Collins was speaking after Whately said that student nurses were “supernumerary” while training and were therefore “not deemed to be providing a service”, even though thousands of students signed up to work for the NHS during the Covid-19 pandemic. By defining student nurses as supernumerary, Whately indicated that current nursing students, including those who volunteered to work in the NHS during the pandemic, would be excluded from a bursary scheme to be introduced in September.

Whately made the comments in a letter to Tom Pursglove, Conservative MP for Corby, after Collins contacted him. Collins had received more than 200,000 signatures on her petition asking the government “to reassess our level of student debt”. The 2017-20 cohort of student nurses was the first to pay tuition fees, and upcoming maintenance grants will not be backdated to include them. 

Third-year students were asked to work on the NHS front lines during the coronavirus pandemic, and Collins said many students had signed six-month contracts that have since been shortened to end on 31 July. Collins said she had looked through her own contract and found “nothing in there that says there is any possibility that it could change”.

In a statement on 17 June, Higher Education England chief nurse Mark Radford said it was “absolutely untrue” that student nurses were being made redundant. Student nurses in their final year of study in England will be paid until 31 July, and if students still need to work hours that count towards their courses they will also be paid after that deadline.

Collins added that although her university had “tried to be as supportive as they possibly can”, nursing students had missed out on theory lectures and so forcing them to pay tuition fees for the time spent working on Covid-19 wards was unjust.

“There is something here that is just so, so unfair,” she said. “We have been so wronged.”

Research Professional News is campaigning for nursing students to have their final-year tuition fee debt cancelled in recognition of their work in the NHS during the coronavirus pandemic.

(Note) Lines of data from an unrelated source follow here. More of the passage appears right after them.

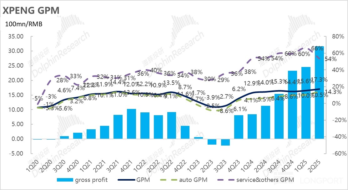 二季度,小鵬單車毛利環比上行 0.8 萬元至 2.4 萬元,也創了歷史新高!賣車毛利率也因車型結構的環比上行 + 小鵬供應鏈的持續的強降本能力,從一季度 10.5% 環比提升至二季度 14.3%。
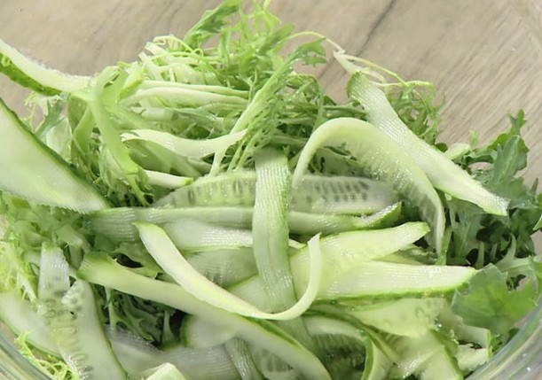 Operimo i osušimo krastavac. Odrežite vrhove. Izrežite oštrim nožem na tanke, ravne ploče nalik na vrpcu. U tu je svrhu također prikladno koristiti ljuskalicu za povrće s prorezima. Nasjeckane krastavce stavite u zdjelu za salatu s začinskim biljem, a na vrh prelijte preostale dvije žlice maslinovog ulja. Posolite i popaprite po ukusu, pomiješajte s dvije vilice.
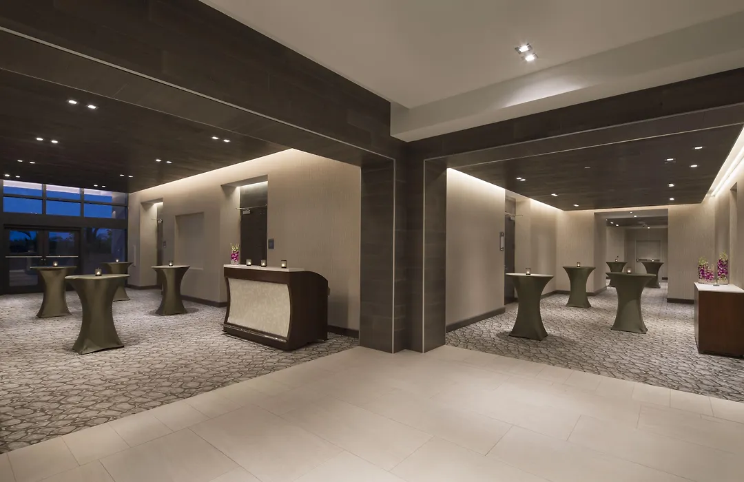 Zota Beach Resort offers extensive event facilities including the Zara Zota Ballroom, capable of accommodating up to 300 guests theater-style. The resort is equipped to handle mobility accessibility needs throughout various areas including the fitness center and meeting spaces.
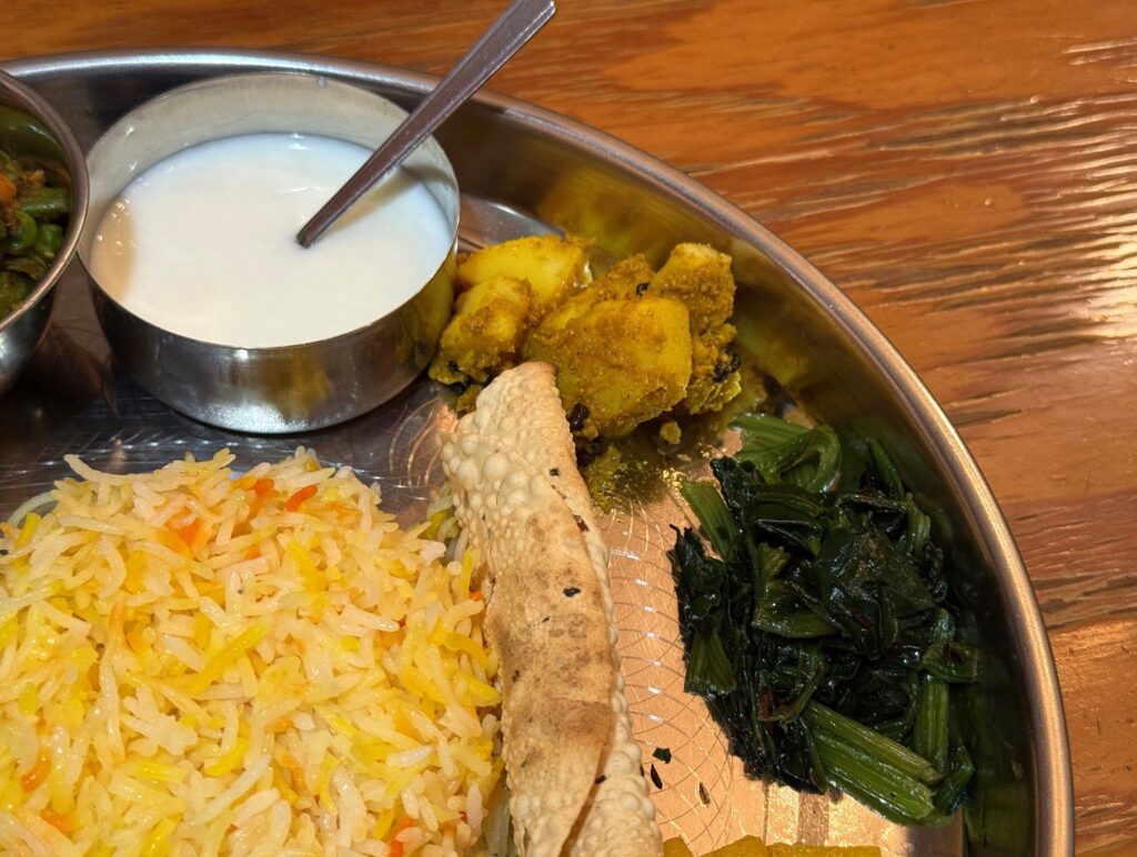 ダヒ、じゃが芋のアチャール、青菜炒め、パパドゥ、

A spokesperson for the Department of Health and Social Care said student nurses provide extra support while they are learning and they “have played a heroic role throughout this crisis”.

The spokesperson added: “In recognition of this, we have paid student nurses who opted in to paid placements to respond to the Covid-19 emergency to recognise the extraordinary circumstances that dealing with a global pandemic brings.

“In normal circumstances, while student nurses are on placement, we ensure that they have the space to learn and develop under close supervision. This is what is technically called ‘supernumerary’–meaning that they cannot be included on staff rotas and are not normally paid”.